TRES A la salida de la película o de la exposición, Aragorn y Gandalf miran fijo desde los flancos de esos autobuses rojos de doble planta tan mastodónticos como los nûmakil y la miseria de Carlos y el fantasma de Di ensucian las primeras planas de tabloides y scandal sheets. La realeza ya no es lo que era, está claro. Y lo que se proyecta ahora –a este lado de la pantalla que siempre nos separará de la Tierra Media– es un nuevo episodio del nada épico culebrón de los –se supone– degradados descendientes de aquellos épicos soberanos que lucharon y murieron para vencer a Saurón y a sus orcos. La histéricamente adorada Diana de Gales –más cerca de un tonto espectro que no descansa en paz creado por un bastardo de Shakespeare dedicado al periodismo del corazón que a la tan serena como temible belleza de Galadriel– se prepara para una nueva autopsia de sus últimos días. Se abre una investigación para postergarla y se sigue alimentando la hipótesis de un thriller más esperpéntico que épico –más Fleming que Tolkien– donde se barajan servicios secretos y láseres enceguecedores y otra parafernalia high-tech. Se exhibe una carta paranoica que acusa a un Carlitos que cualquier día de estos volverá a caerse del caballo ante los ojos de una preocupada Camilla mientras los hijos y sucesores pasean la sonrisa cómoda de quienes saben que jamás tendrán que trabajar en su vida, la princesa Ana paga 300 libras la sesión de psicoanálisis de su perro y la sufrida Elizabeth entra y sale de hospitales mientras crecen los rumores –el pueblo es malo y cruel– de que ya está olvidando las líneas de su papel en el primer acto de la obra de Alzheimer.
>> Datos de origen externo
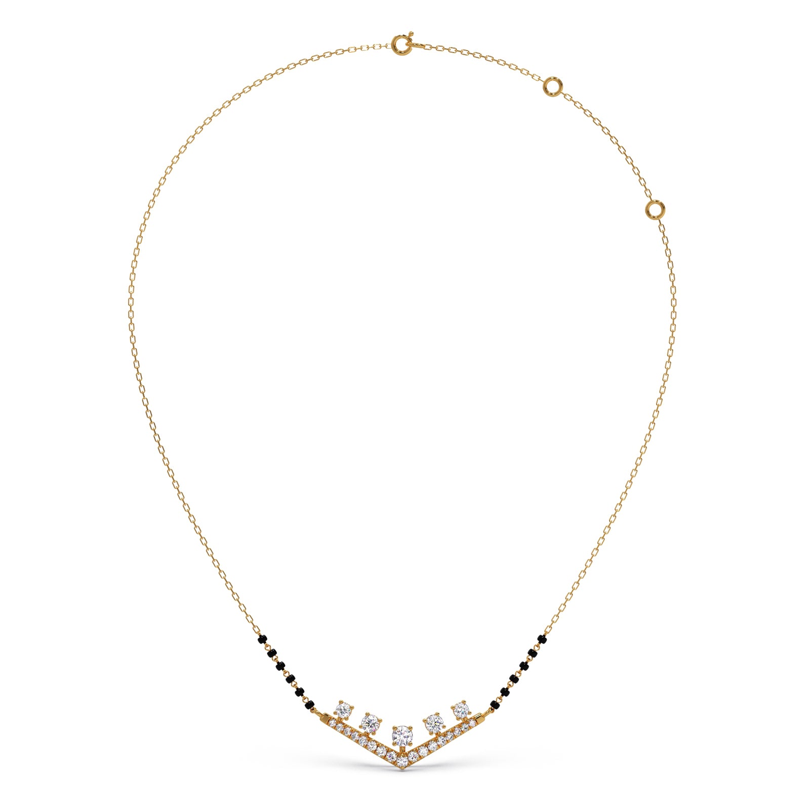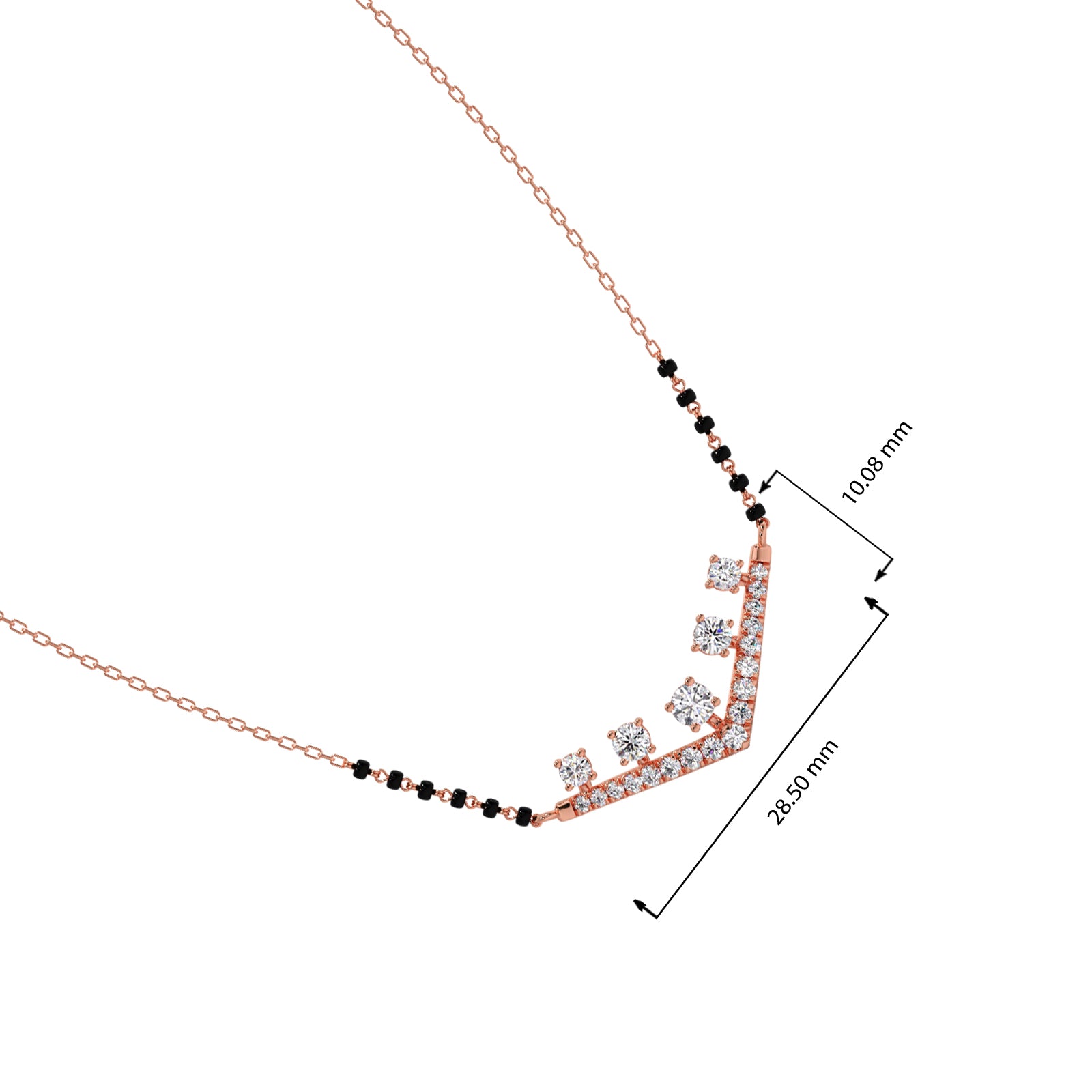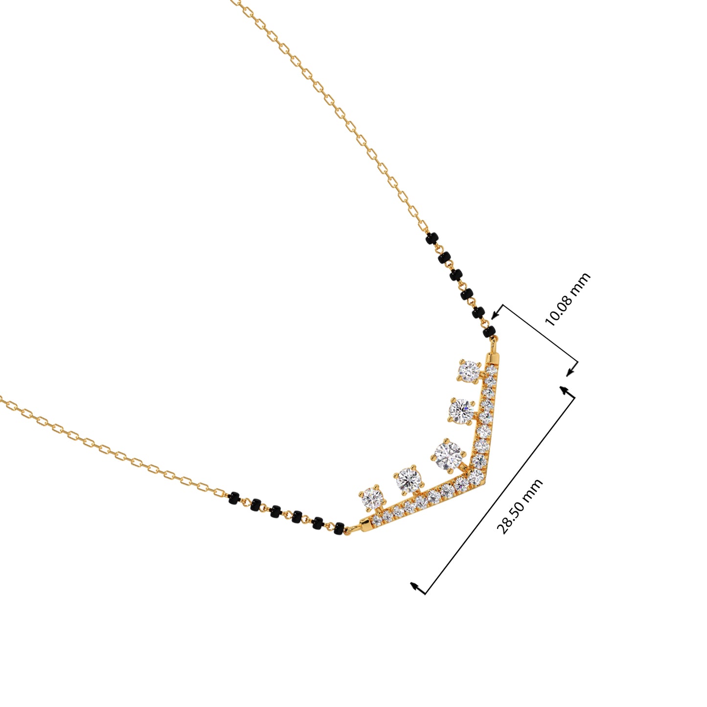 Celebrate your eternal bond with our "Vows of Brilliance" Mangalsutra. This contemporary design features a stunning V-shaped motif adorned with sparkling diamonds, beautifully integrated with traditional black beads. It's a radiant symbol of modern love rooted in cherished traditions, promising to illuminate your commitment with exceptional sparkle.
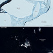 В начала путешествия площадь айсберга составляла больше 4000 км² (это чуть меньше, чем территория Иудеи и Самарии). Но в 2025 году от него откололись крупные куски, и к январю 2026 года его площадь уменьшилась до 1182 км². К апрелю он переместился в более теплые воды, к северу от Южной Георгии и Южных Сандвичевых островов, дрейфовал и стремительно таял. На первом снимке показано, каким айсберг был в 1986 году и каким стал в начале апреля 2026 года. На остальных фото и видео — айсберг в 2025 году.
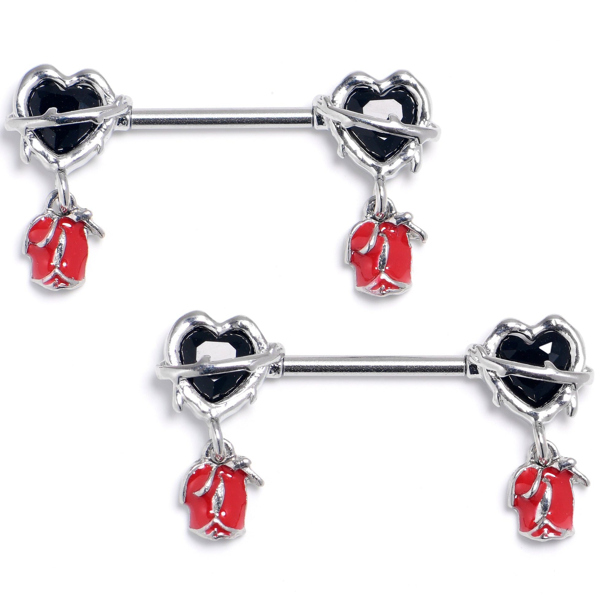 Keep your heart wrapped tight or this 14 gauge nipple jewelry will steal it. It is made with 14mm durable 316L surgical grade stainless steel straight barbells. Each of the ends features a black heart charm, with barbed wire detailing. Dangling beneath each one is a rose charm, with deep red petals. Even the blackest of hearts will melt for these gorgeous nipple piercing rings. Sold as a set of two.Specifications
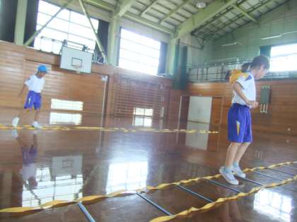 体育科では「チャレンジキッズわざ7」に取り組んでいます。できる技を増やそうと進んで取り組んでいます。
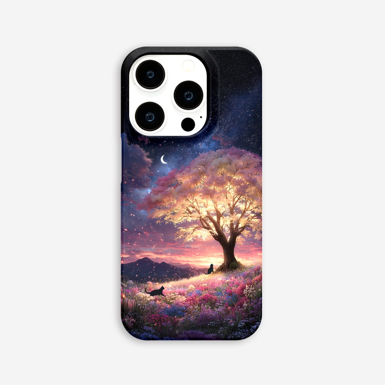 春夜の秘密の通り道 |iPhone17/16/15/14/13 全機種対応 強化ガラス スマホケース 森 桜 三日月 水辺 黒猫 星空
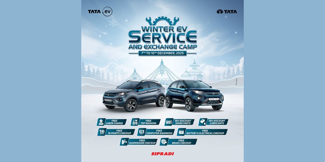 टाटा मोटर्सका लागि नेपालको आधिकारिक वितरक सिप्रदी ट्रेडिङ प्रा. लि. ले विद्युतीय सवारी साधन (ईभी) प्रयोगकर्ताहरूलाई लक्षित गर्दै “Winter EV Service And Exchange Camp” सार्वजनिक गरेको छ । जाडो मौसममा ईभीको प्रदर्शन र सुरक्षालाई थप सुदृढ बनाउन विशेष रूपमा आयोजना गरिएको यो सर्भिस क्याम्प डिसेम्बर ७ देखि १० सम्म सञ्चालन हुने कम्पनीले जनाएको छ ।

Para los ingleses –está claro– la familia real (no confundir con la familia verdadera) es uno de esos efectos especiales que, de tan repetidos y repetitivos, ya no causa la menor gracia, ya no sorprende a nadie. Una cosa está clara, dentro de miles de años nadie escribirá libro, filmará película o dedicará exposición a las tristes vidas de estos reyes o a las piedras mudas de sus tumbas.